I just read the book by the now President Obama, written during his years in Illinois about coming of age and his work as a community organizer in Chicago. I have to say I enjoyed it, and for the first time in what has probably been close to a year, I’ve been excited about what could be done to change the direction of this country, and not because of him but because it appears there may be people who are able to hold out for their convictions. The endurance of his hope for change, and the type of work he was doing, were inspiring.

Community organizing could also be called community advocacy. The “organizer” gets to know the community, spends time talking to people and figuring out what the key needs are, then begins to get the neighborhood to unify in seeking those changes, and connecting them with the politicians, police, churches and school administration who control the factors that need to change. Ultimately, if it works, the community begins to change as people realize they have power to change things, change themselves, where they’ve never believed they could.

Over the last year my idealism has given way to cycnicism as I’ve worked with a system that needs to be revamped and with people who gave up a long time ago, who find that it’s safer to help things fail than to make goals. I lost the ability to feel compassion for a while (they call it compassion fatigue), and then it began to come back in sharp pangs during meetings where I heard about things that sent me reeling or when I saw someone who I knew was giving up walking over to the Circle K to get some more of their old memory numbing drink.

The twitching, the stench of sweat and urine, missing teeth, betrayal, black and blue little bodies, and pictures of unspeakable acts drawn with crayons: well that’s the world we live in, it’s not changing. I can dream of a world where my dreams could come true, but I’d only be disappointed. That’s a bit of cynical realism that broke into my heart, but I don’t want to have that perspective. I want to hope, to believe, but I’m afraid when I turn 70 I’ll turn around and look at my life and see a world worse off than when I was 25, and lives that didn’t change.
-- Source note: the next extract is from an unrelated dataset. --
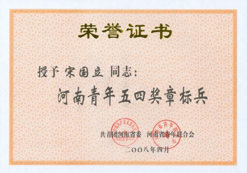 我所宋国立博士获河南青年“五四”奖章标兵称号

I know that lives which make up the world will only change when they meet and accept Jesus’ love. I know that it’s a few lives that change at a time, but I can’t be satisfied with a few. The hippi movement proposed a radically different way of living, and it actually changed the country.

Jesus offers the way of compassion, another paradigm-shifter. And what is compassion? What is it not? The dictionary defines it as some feeling akin to concern and pity. It has to be something else too. God wouldn’t have stressed the importance of compassion if it was just a feeling caused by something our hearts know to be wrong. What good would that do anyone? Compassion should be good for the person you feel it for. So if compassion must be good for someone, it possibly requires an action. And who ought we to feel compassion for? Every moment of every day is full of voices crying out, and as Millay points out in her poem ‘Renascence‘, and we cannot bear the weight of the world like God can.

We’re all called to be who God made us to be, yes? So compassion, for you, will be unique. You will be drawn to those who need what you have to offer, and then you’ll be good at offering it. God said that his compassion is more enduring than the mountains. When compassion works in conjunction with the way God has designed me, I shouldn’t have to wonder where it’s going to come from, how it will be sustained.

So what happened over this last year? Fatigue, then balance, but no change. I can’t control the decisions that others make: not CPS, judges, parents or children. I will not make excuses for people, but I can have compassion. I can understand where they’ve been, the cycle of abuse, the need to escape reality, and hope that their hearts are open to a better way. It’s a hard decision, and doesn’t get easy for a long time. But it happens.

So basically, seek God, please, so that he can change our world.